You can't gel your way through a 100-miler the same way you would a marathon. Ultra distances demand a fundamentally different fueling approach — real food, GI management, and strategies that account for 8 to 30+ hours of continuous movement. Here's what the research actually says.

20 min read Last updated March 2026 18 peer-reviewed sources
The short version

Ultra fueling is a sustained intake problem, not a glycogen depletion sprint. Target 60-90g/hr of carbs, mix real food with gels for palatability, and plan for GI distress (96% of 100-mile runners get it).
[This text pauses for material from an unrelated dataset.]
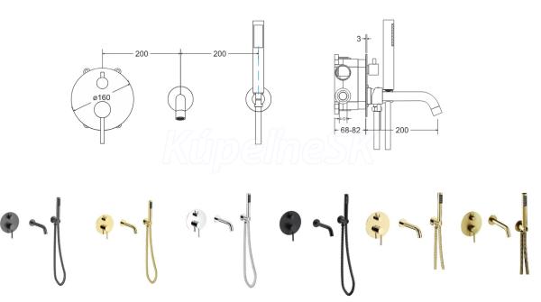 - Set obsahuje podomietkovú batériu, vývod zo steny s držiakom, ručnú sprchu a hadicu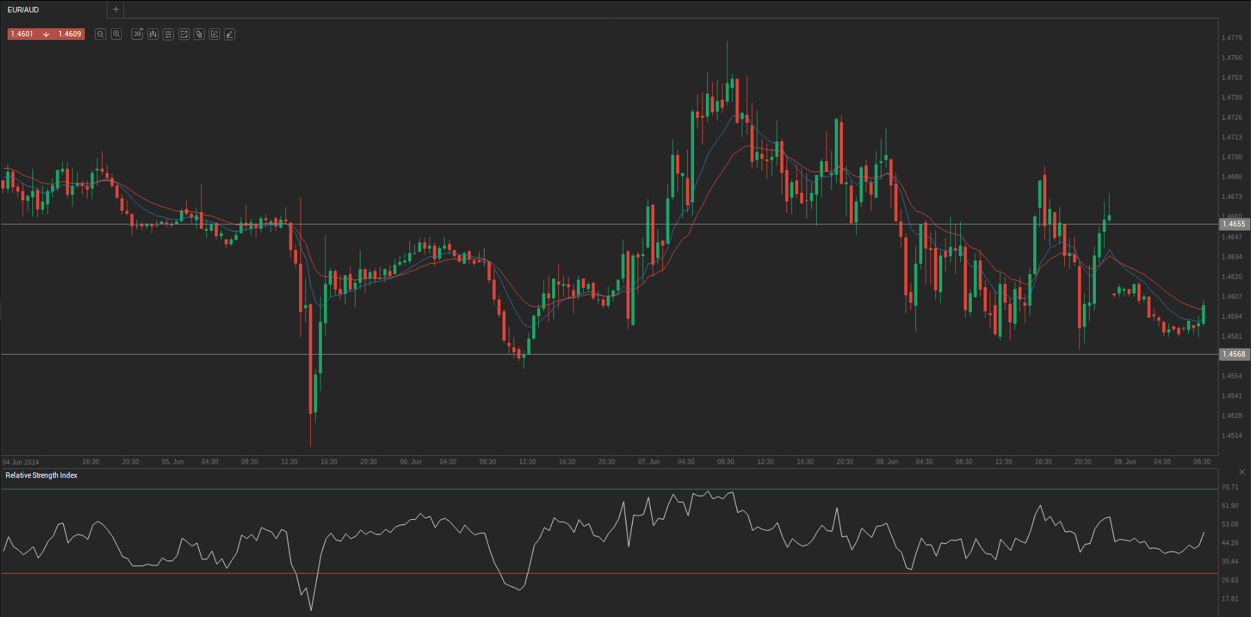 During Friday’s trading session EUR/AUD traded within the range of 1.4564-1.4651 and closed at 1.4614.

Fat adaptation doesn't work — the SUPERNOVA studies killed it. Drink to thirst, not a schedule. For triathlon: fuel aggressively on the bike or you'll pay for it on the run.

A different game

Marathon fueling has a relatively simple brief: take in 60-90 grams of carbohydrate per hour for 2 to 5 hours, practice it in training, execute on race day. It works. But ultramarathons — 50K, 100K, 100 miles — are a fundamentally different metabolic challenge. You're not sustaining a high burn rate for a few hours. You're managing energy intake across 8 to 30+ hours of continuous exercise, often through the night, often over mountains, often while everything in your stomach sounds disgusting.

And yet most ultra runners under-fuel dramatically. Costa et al. analyzed nutritional intake during ultra-endurance events and found that athletes typically consumed only 30-50 g/hr of carbohydrate — well below the rates shown to optimize performance.[1] That's not a small gap. It's a 50-75% shortfall from what the evidence supports.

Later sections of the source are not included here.